--- Data for this exercise ---

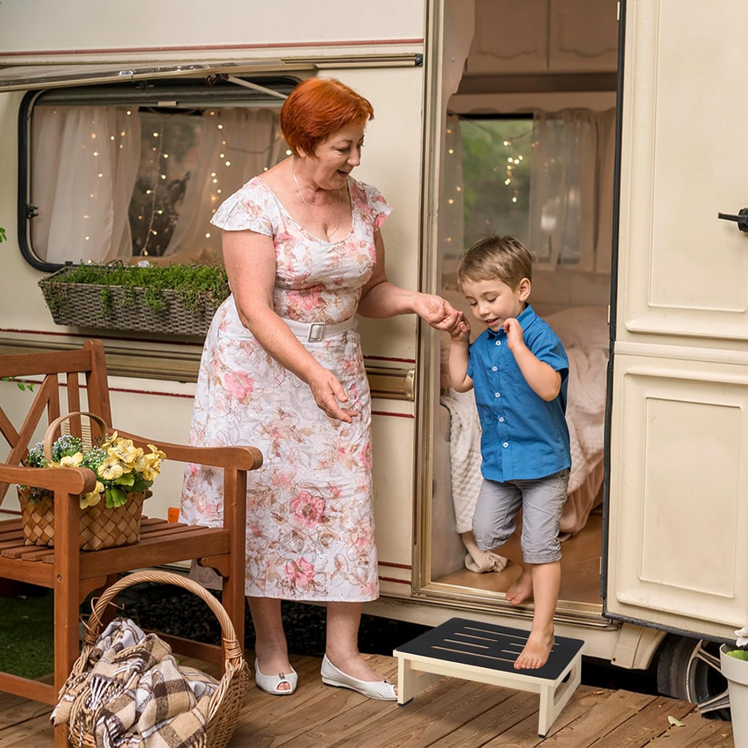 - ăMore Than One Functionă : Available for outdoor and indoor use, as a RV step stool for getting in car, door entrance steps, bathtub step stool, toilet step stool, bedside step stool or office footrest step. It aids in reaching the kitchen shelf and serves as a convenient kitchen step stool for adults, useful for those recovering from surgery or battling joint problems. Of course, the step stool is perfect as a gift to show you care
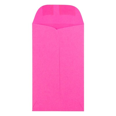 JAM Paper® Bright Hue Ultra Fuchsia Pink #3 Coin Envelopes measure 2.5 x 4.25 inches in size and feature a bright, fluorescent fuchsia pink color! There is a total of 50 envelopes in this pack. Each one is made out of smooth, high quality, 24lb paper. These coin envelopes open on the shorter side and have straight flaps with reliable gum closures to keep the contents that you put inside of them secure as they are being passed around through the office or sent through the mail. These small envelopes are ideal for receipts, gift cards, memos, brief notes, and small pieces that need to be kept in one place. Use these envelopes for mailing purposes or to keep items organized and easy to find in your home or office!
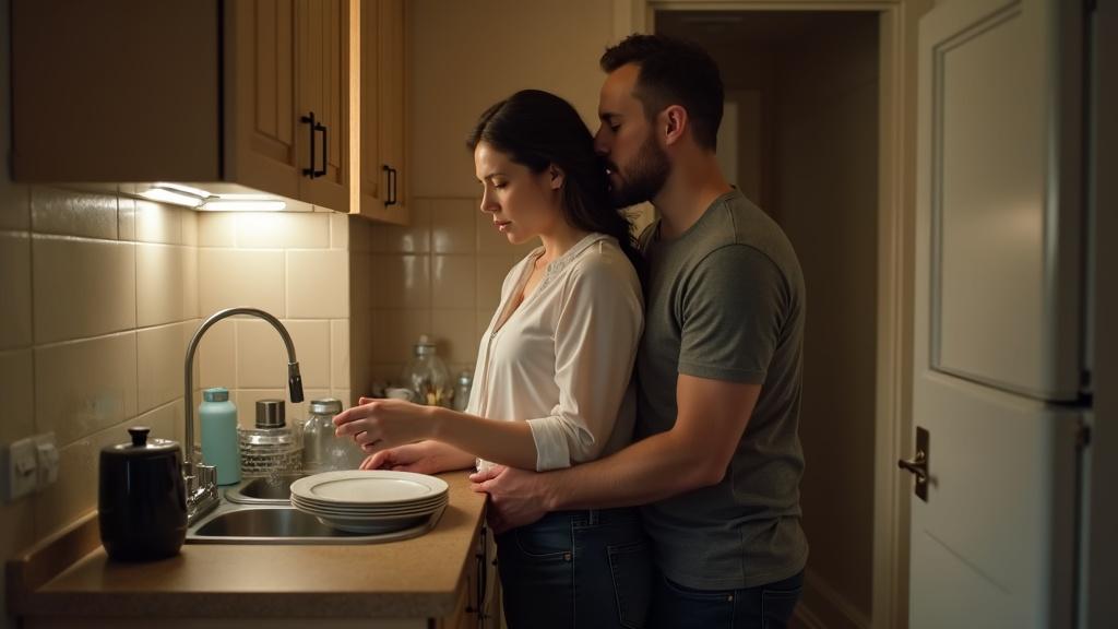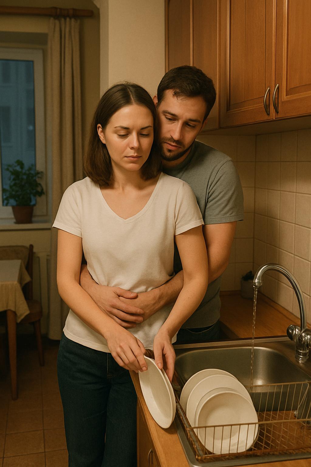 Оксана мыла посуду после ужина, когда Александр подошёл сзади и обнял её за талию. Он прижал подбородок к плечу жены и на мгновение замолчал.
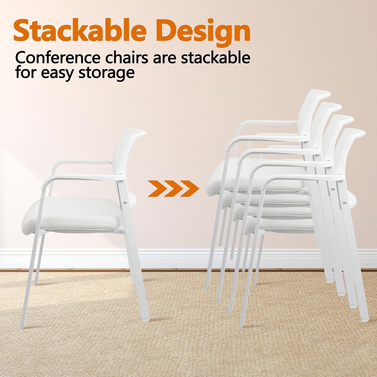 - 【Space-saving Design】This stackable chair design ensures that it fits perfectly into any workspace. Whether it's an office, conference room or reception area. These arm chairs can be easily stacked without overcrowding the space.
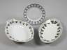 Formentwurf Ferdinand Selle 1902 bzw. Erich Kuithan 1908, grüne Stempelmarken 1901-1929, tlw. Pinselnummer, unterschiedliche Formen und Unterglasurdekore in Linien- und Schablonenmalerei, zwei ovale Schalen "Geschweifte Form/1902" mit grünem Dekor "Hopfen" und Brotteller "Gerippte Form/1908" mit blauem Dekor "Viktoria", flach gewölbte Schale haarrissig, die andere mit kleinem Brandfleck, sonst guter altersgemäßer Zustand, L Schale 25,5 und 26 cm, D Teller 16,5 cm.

---
--- Data for this exercise ---

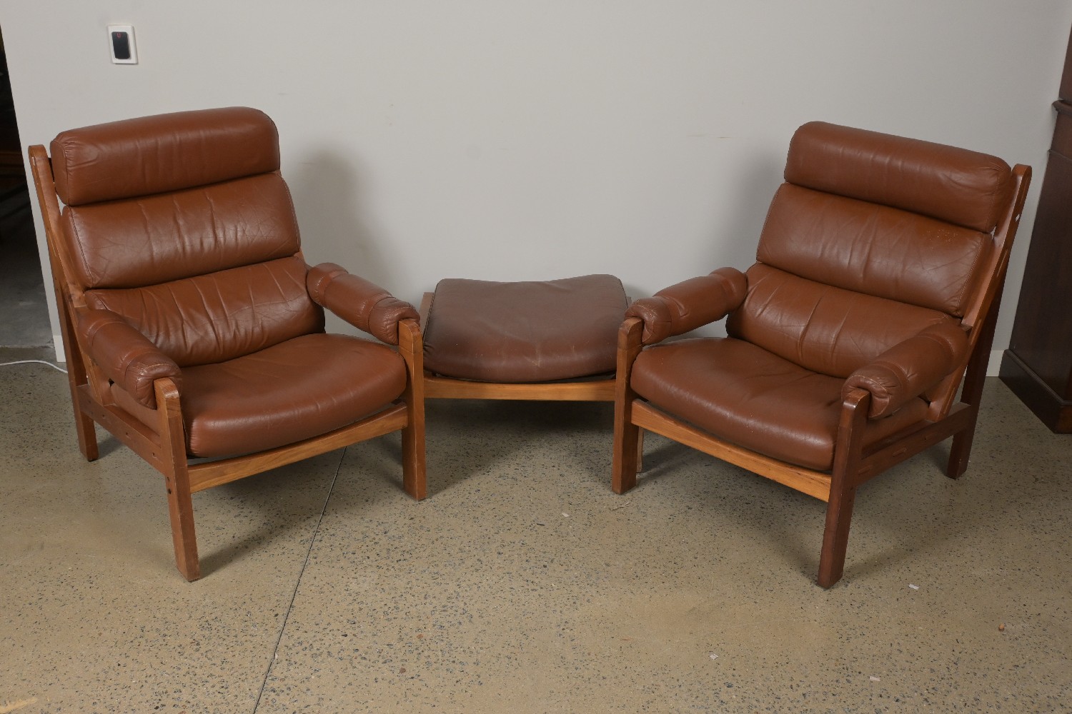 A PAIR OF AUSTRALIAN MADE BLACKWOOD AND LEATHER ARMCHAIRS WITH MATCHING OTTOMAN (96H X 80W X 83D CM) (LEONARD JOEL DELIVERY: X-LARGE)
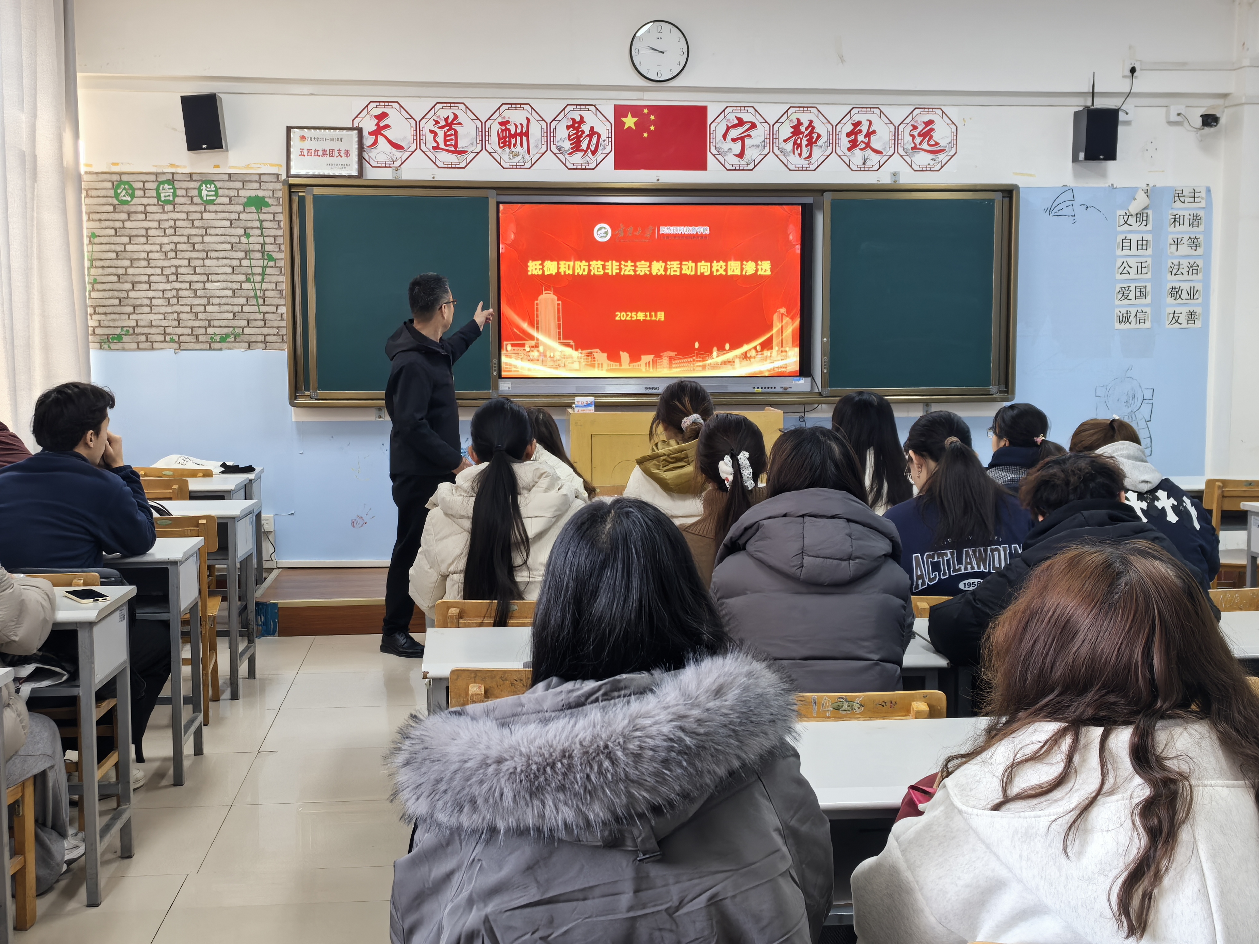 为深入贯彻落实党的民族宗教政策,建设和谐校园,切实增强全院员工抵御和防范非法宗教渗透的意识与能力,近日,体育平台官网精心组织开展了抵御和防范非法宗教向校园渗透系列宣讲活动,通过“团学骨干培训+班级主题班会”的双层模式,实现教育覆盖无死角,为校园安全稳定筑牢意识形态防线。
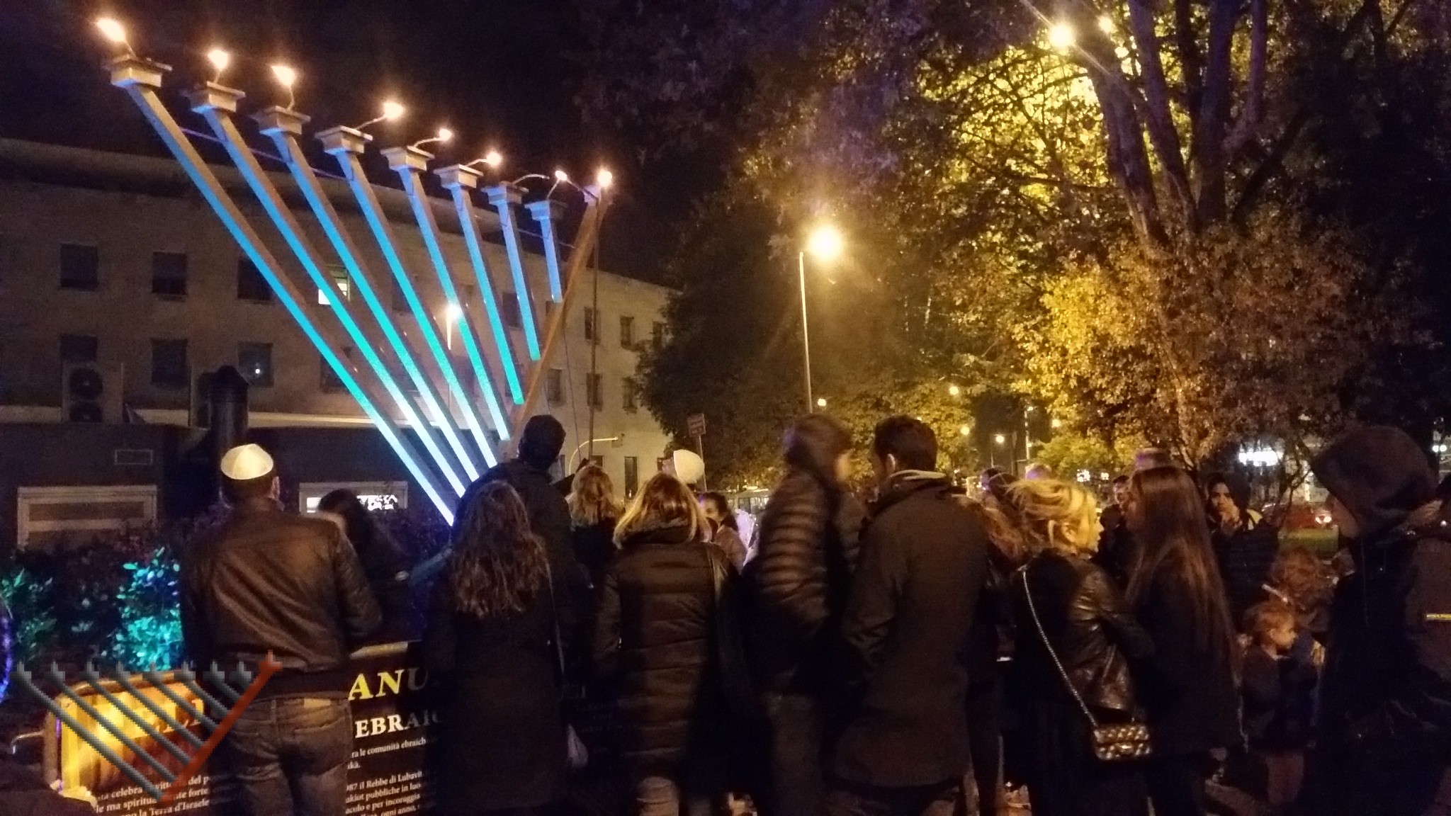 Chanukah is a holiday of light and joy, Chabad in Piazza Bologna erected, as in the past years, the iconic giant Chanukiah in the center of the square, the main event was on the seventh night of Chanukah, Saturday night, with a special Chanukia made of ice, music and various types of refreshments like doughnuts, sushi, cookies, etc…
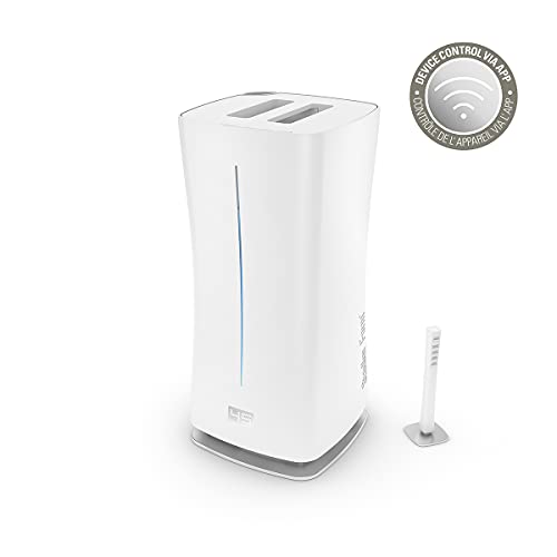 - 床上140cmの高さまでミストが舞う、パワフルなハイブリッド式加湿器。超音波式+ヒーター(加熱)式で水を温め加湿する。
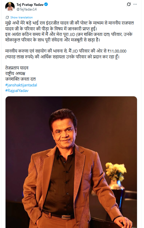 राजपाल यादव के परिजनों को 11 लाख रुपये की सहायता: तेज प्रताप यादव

---
--- Data for this exercise ---

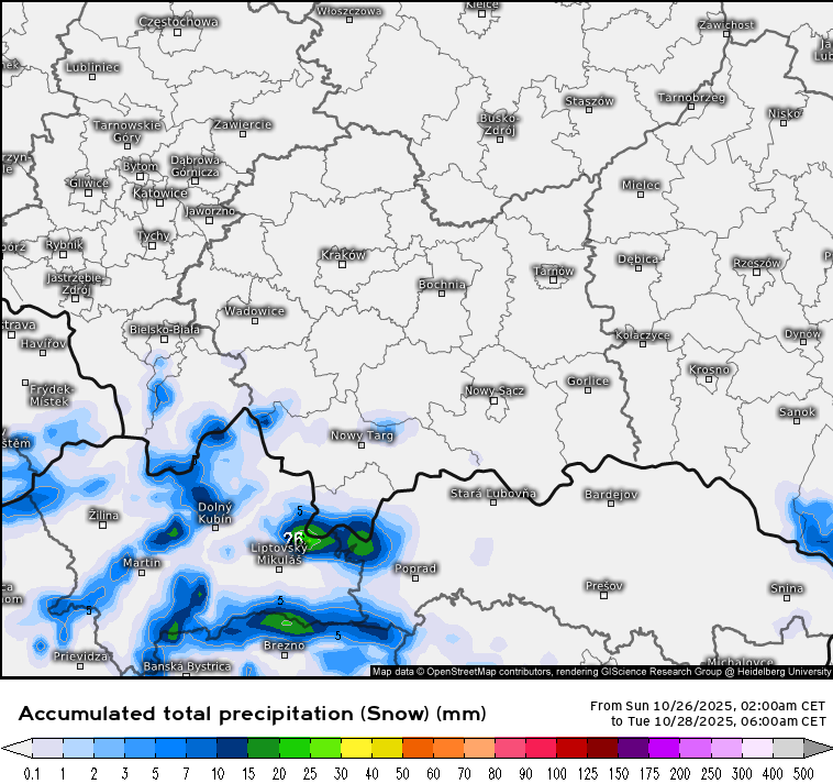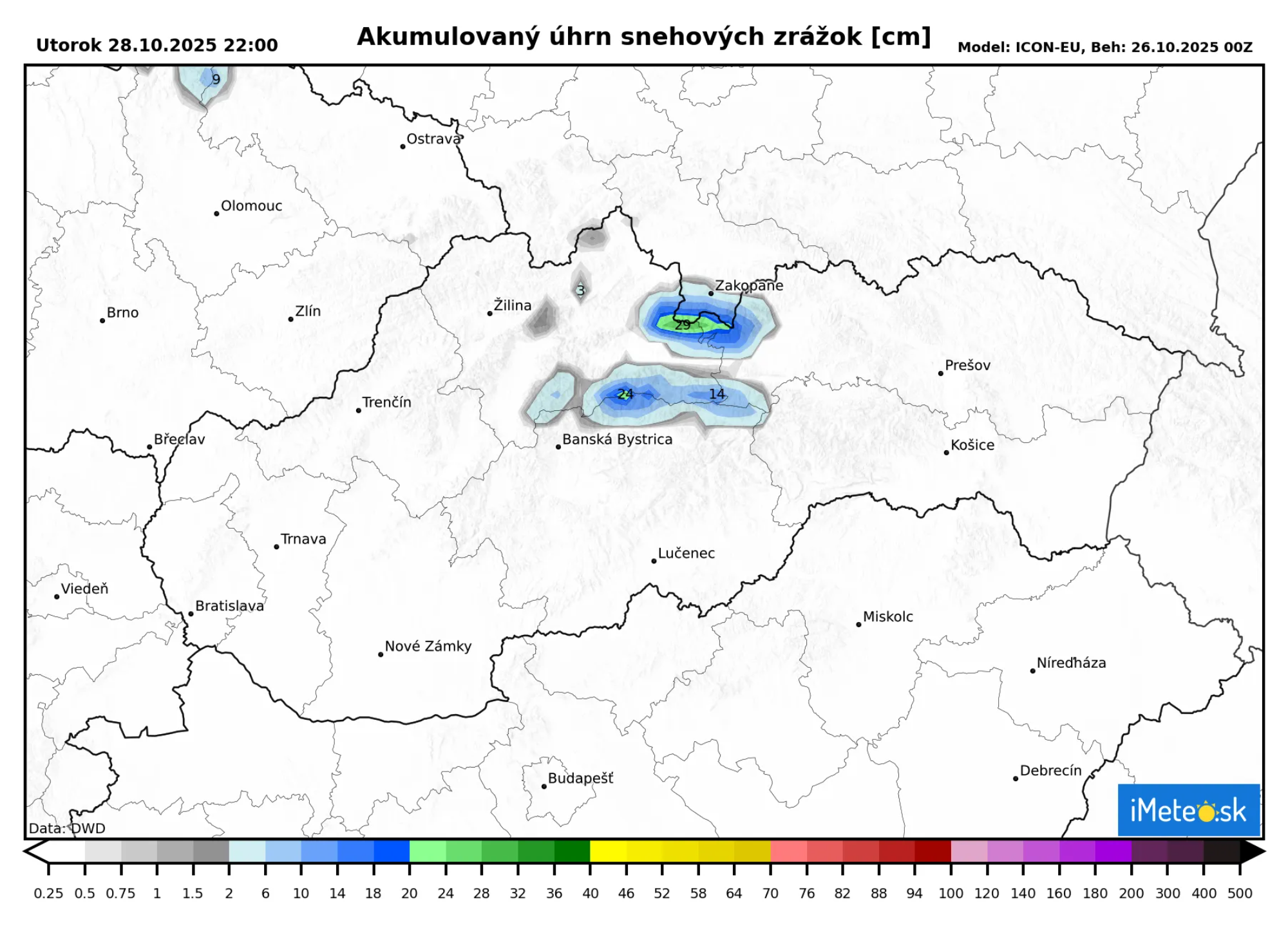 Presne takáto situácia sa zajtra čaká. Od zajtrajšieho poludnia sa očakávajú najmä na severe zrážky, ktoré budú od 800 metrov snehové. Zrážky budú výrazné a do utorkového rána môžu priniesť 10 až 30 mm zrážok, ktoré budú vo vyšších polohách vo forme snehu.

---

Your task: In the data above, retype only the stretch from the line with "Chanukah is a" through the line with "राजपाल यादव के", word for word, and skip any pictures.

Solution to this exercise:
 Chanukah is a holiday of light and joy, Chabad in Piazza Bologna erected, as in the past years, the iconic giant Chanukiah in the center of the square, the main event was on the seventh night of Chanukah, Saturday night, with a special Chanukia made of ice, music and various types of refreshments like doughnuts, sushi, cookies, etc…
 - 床上140cmの高さまでミストが舞う、パワフルなハイブリッド式加湿器。超音波式+ヒーター(加熱)式で水を温め加湿する。
 राजपाल यादव के परिजनों को 11 लाख रुपये की सहायता: तेज प्रताप यादव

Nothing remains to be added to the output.